New Money Review: What plans do you have for full-node hardware wallets?
Pavol Rusnak, SatoshiLabs: That’s something that has been on our to-do list for some time now. However, we’re occupied with projects that possess higher priority.
“No coins were stolen during the whole lifecycle of the company due to the security breach or bug exploitation”
New Money Review: Have there been any confirmed cases of a Trezor wallet being compromised, whether remotely or by physical access to the device?
[In November 2017 Wired journalist Mark Frauenfelder wrote about his experience of losing access to his Trezor device, containing the private keys to a $30,000 bitcoin stash, after forgetting his six-digit PIN.
A 15-year old, London-based computer expert called Saleem Rashid helped Frauenfelder to recover access by showing him how to short-circuit the Trezor’s circuit board and recover his PIN and passphrases. This past security vulnerability, and the firmware update used to fix it, are documented on the Trezor website—New Money Review comment]
Pavol Rusnak, SatoshiLabs: We’re very open about the past incidents. Cryptocurrencies evolve extremely fast, and we evolve with them. We do have a responsible disclosure program which is a source of vast knowledge to us, but we’re happy to say that no coins were stolen during the whole lifecycle of the company due to the security breach or bug exploitation. Everything is well documented on our website at trezor.io/security. In any case, we do not have a record of a single bitcoin going being lost due to Trezor’s issues.

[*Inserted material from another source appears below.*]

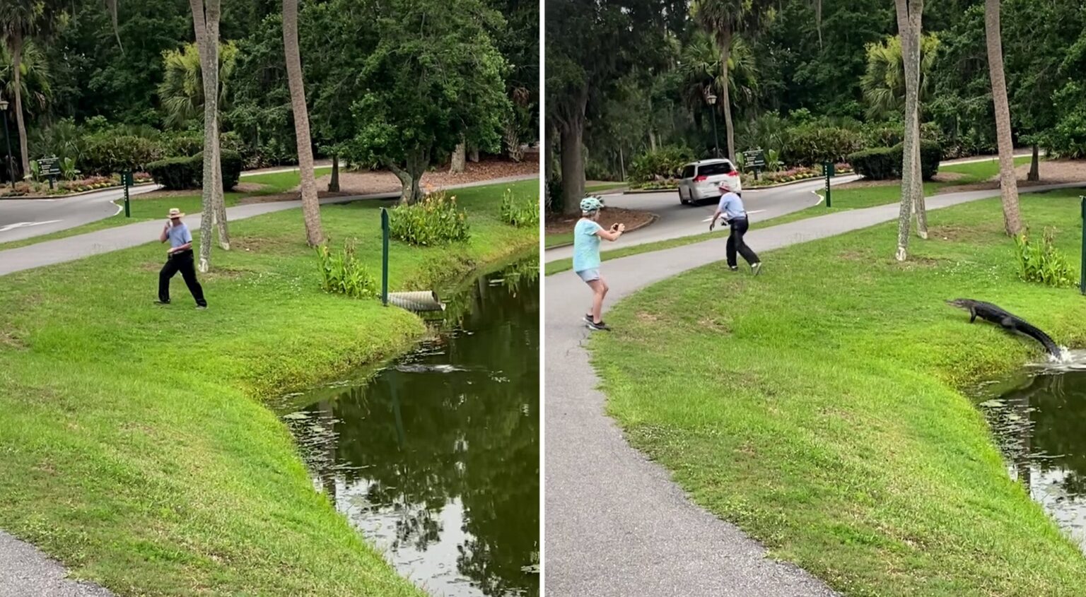 Still looking over his shoulder, the fisherman watches as the gator climbs up onto the bank. He then quickens his pace, and the aggressive gator sprints after him. The video ends with the fisherman running down the cart path and the gator chasing roughly 10 feet behind him.

New Money Review: Are you concerned about Trezor devices being intercepted and compromised during transit/before delivery? If so, what steps have you taken to alleviate those concerns?
Pavol Rusnak, SatoshiLabs: That is a risk that every hardware wallet manufacturer has to take and count with. We’ve developed a system of multi-layer security which mitigates the risk and aims for best security possible.
Multiple elements are ensuring that your device hasn’t been tampered with. For example, firmware verification, our devices are shipped without pre-installed firmware, the packaging itself is tamper-evident, we do also use a set of security seals. The device itself is ultrasonically sealed so you would recognize a potential attempt for malicious hardware modification.
“We have refused to accept VC funding precisely because we do not want any external influence”
New Money Review: What is the best custody model for institutional investors and are you working on anything in this area?
[Trezor’s competitor Ledger has recently teamed up with Nomura and Global Advisors to develop a custody solution for large investors, currently a hot topic. By contrast with SatoshiLabs, Ledger has been funded by a number of prominent venture capital firms—New Money Review comment.]
Pavol Rusnak, SatoshiLabs: Not at the moment, SatoshiLabs is a self-funded company with no current interest in venture capital (VC). For more info, please have a look at our security manifesto, where we explain that we have refused to accept VC funding precisely because we do not want any external influence or overwatch. This also means that we do not need to follow any VC interests, be it revenue targets or market share.
New Money Review: By how much has your business grown in the last five years?
Pavol Rusnak, SatoshiLabs: Extremely. We can’t share exact sales numbers since we consider it is a part of our know-how but, for example, the number of employees has doubled since last year, and we’re still hiring new ones to our team every month.
New Money Review: What are your main priorities in product development and business development?
Pavol Rusnak, SatoshiLabs: We’re now focused on improving the experience of Trezor Model T, which is a next-generation hardware wallet for the broader public. We’re also expanding to more markets since we sincerely believe that easy and secure access to cryptocurrencies should be universal.